Among those at risk of dying or suffering medical complications are “1,000 patients dependent on dialysis” and “130 premature babies” and other vulnerable patients “who depend on a stable and uninterrupted supply of electricity to stay alive,” WHO said in a statement.

The Israel Defense Forces (IDF) on Tuesday ruled out any fuel being allowed to enter Gaza, saying Hamas would co-opt fuel for its operational infrastructure and to continue its rocket attacks.

Israel’s leadership has vowed to wipe out Hamas in response to its October 7 deadly terror attacks and kidnap rampage in which 1,400 people, mostly civilians, were killed and more than 200 taken hostage.

In the wake of the assault, Israel launched a sustained aerial bombardment of Gaza that Palestinian health officials say has now killed more than 5,000 people.

More than 700 of those were killed in Gaza in the previous 24-hour period, the highest daily number published since Israeli strikes against what it called Hamas targets in Gaza began two and a half weeks ago, according to the Palestinian Ministry of Health in Ramallah on Tuesday.

Those killed included 305 children, 173 women and 78 elderly individuals, the ministry said.

Some two million people are crammed into the 140 square mile coastal strip that makes up Gaza, half of whom are children.

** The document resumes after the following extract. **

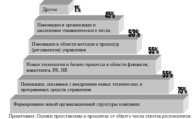 Менее распространенными оказались инновации в области регламентов управления (53%), и инновации в организации и разделении управленческого труда (45%).

No international consensus

As the humanitarian crisis in Gaza deepens, the international community has struggled to find consensus.

The United States, Israel, Qatar, Egypt and Hamas are engaged in the ongoing deliberations. Four hostages – two American and two Israeli – have been freed so far. But the hope now is to reach a deal for a bigger group of hostages to be released at once.

Israel has so far held off on making a ground incursion into Gaza, and the US has pressed Israel to further delay to allow for the release of more hostages held by Hamas.

Foreign Minister Cohen said outside the UN Tuesday it was Israel’s mission to bring the hostages home.

“While we are still here, there are babies that are in captivity, twins, holocaust survivors, and we have one mission: To bring them home,” Cohen said.

Israeli Prime Minister Benjamin Netanyahu appeared to tell soldiers on Tuesday a ground offensive was still on track, saying, “we stand before the next stage, it is coming.”